(Stored items)
************
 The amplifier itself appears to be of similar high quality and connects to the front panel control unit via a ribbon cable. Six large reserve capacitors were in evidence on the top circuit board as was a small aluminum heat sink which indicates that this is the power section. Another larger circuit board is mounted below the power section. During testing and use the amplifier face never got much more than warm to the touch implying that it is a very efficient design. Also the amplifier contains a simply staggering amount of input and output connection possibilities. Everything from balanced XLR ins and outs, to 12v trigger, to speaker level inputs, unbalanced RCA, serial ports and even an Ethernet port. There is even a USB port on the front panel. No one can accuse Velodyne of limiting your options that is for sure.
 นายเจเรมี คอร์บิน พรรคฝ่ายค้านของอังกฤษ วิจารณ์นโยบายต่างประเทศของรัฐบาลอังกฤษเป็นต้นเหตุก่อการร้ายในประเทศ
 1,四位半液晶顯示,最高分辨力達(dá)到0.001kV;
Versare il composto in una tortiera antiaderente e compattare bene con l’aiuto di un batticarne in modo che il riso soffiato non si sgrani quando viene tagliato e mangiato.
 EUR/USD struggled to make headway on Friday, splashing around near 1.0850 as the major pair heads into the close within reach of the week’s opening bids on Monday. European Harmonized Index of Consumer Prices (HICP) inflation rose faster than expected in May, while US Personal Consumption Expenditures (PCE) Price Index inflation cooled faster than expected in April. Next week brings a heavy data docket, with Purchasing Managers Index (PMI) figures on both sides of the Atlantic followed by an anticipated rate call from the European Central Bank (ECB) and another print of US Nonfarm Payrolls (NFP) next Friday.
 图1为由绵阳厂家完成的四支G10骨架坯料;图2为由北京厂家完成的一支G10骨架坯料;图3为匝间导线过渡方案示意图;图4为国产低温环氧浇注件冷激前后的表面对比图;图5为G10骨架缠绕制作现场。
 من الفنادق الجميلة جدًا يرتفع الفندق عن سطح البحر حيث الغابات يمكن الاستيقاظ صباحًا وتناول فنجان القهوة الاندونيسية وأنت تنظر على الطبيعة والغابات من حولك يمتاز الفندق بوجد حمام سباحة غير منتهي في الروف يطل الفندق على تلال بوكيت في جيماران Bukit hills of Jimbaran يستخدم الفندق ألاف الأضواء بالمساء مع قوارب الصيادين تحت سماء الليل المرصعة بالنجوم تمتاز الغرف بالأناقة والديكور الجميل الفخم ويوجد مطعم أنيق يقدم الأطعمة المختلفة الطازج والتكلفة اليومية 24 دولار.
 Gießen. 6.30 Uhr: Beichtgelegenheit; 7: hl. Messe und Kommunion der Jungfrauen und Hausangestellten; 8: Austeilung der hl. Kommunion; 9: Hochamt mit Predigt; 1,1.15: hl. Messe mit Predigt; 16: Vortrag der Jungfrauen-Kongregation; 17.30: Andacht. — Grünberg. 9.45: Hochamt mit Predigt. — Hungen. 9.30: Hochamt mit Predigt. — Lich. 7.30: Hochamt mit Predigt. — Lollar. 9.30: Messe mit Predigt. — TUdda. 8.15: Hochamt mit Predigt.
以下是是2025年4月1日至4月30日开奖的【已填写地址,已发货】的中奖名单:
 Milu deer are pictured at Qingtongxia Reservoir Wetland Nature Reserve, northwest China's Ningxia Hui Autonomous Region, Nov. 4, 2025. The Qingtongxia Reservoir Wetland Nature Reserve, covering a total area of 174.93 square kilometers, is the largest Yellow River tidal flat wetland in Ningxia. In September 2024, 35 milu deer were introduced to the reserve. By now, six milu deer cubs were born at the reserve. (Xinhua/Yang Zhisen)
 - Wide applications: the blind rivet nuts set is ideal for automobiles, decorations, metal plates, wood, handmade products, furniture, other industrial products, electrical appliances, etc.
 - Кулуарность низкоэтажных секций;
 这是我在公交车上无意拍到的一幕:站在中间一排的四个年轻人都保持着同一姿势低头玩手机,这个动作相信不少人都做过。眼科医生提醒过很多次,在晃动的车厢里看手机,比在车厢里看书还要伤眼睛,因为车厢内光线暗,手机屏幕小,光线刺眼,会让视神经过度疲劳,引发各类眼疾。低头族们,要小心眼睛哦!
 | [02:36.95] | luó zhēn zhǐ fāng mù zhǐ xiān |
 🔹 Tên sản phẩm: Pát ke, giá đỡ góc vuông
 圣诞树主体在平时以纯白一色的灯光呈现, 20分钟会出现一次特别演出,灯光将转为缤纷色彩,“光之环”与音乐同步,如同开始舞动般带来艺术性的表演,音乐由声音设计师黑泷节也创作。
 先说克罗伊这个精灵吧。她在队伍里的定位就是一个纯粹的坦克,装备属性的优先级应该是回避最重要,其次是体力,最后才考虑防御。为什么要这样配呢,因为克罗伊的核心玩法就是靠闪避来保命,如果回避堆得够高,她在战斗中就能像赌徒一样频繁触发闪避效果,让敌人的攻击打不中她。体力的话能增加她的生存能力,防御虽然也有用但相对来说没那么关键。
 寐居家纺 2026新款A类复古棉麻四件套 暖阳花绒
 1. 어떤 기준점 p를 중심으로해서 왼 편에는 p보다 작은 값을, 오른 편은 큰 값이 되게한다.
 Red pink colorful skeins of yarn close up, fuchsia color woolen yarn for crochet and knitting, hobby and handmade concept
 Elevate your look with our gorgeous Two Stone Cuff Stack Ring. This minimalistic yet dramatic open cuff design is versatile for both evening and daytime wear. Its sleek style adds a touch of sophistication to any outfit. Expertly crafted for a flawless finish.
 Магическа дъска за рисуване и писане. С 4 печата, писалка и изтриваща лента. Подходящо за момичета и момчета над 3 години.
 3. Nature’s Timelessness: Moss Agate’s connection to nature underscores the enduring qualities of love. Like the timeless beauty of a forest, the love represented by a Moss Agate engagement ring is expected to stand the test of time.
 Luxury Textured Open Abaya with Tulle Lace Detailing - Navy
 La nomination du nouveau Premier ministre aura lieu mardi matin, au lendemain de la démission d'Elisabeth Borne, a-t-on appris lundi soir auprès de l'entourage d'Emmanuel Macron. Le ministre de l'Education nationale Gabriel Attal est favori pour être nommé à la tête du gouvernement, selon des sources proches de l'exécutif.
************
**Exercise requirements:** Above are the records. Print exactly, and only, the lines from the line with "图1为由绵阳厂家完成的四支G" to the line with "من الفنادق الجميلة", both inclusive.

**Answer box:**
 图1为由绵阳厂家完成的四支G10骨架坯料;图2为由北京厂家完成的一支G10骨架坯料;图3为匝间导线过渡方案示意图;图4为国产低温环氧浇注件冷激前后的表面对比图;图5为G10骨架缠绕制作现场。
 من الفنادق الجميلة جدًا يرتفع الفندق عن سطح البحر حيث الغابات يمكن الاستيقاظ صباحًا وتناول فنجان القهوة الاندونيسية وأنت تنظر على الطبيعة والغابات من حولك يمتاز الفندق بوجد حمام سباحة غير منتهي في الروف يطل الفندق على تلال بوكيت في جيماران Bukit hills of Jimbaran يستخدم الفندق ألاف الأضواء بالمساء مع قوارب الصيادين تحت سماء الليل المرصعة بالنجوم تمتاز الغرف بالأناقة والديكور الجميل الفخم ويوجد مطعم أنيق يقدم الأطعمة المختلفة الطازج والتكلفة اليومية 24 دولار.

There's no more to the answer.